• INSTRUCTIONS TO FOLLOW:
After locating the line that holds "Девушка Павла Дурова", copy that line and all that follow it word for word through the end of the data, with no pictures.

• INPUT DATA:
↓
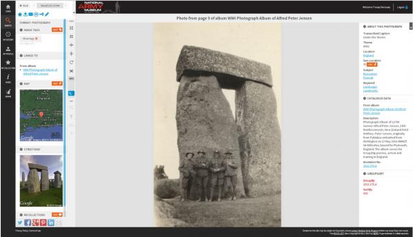 My geotagging addiction started while working on the National Army Museum’s brand new Recollect site. In the process of adding generalised location information, it became clear that some of the landmarks featured in the photographs could still be standing 100 years on. An addition to the node template was made on the fly and within a few short clicks the ability to search for and pinpoint the location on the globe was enabled for every photograph on the site.
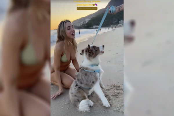Девушка Павла Дурова в бикини порезвилась с кобелем на пляже
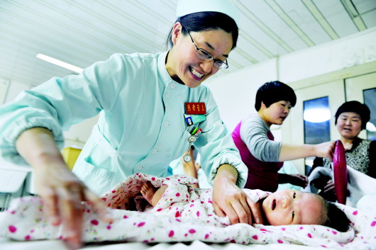 鄒平縣人民醫院小兒科護士在照料嬰兒。□記者 李勇 通訊員 董乃德 報道
↑
• YOUR RESPONSE:
Девушка Павла Дурова в бикини порезвилась с кобелем на пляже
 鄒平縣人民醫院小兒科護士在照料嬰兒。□記者 李勇 通訊員 董乃德 報道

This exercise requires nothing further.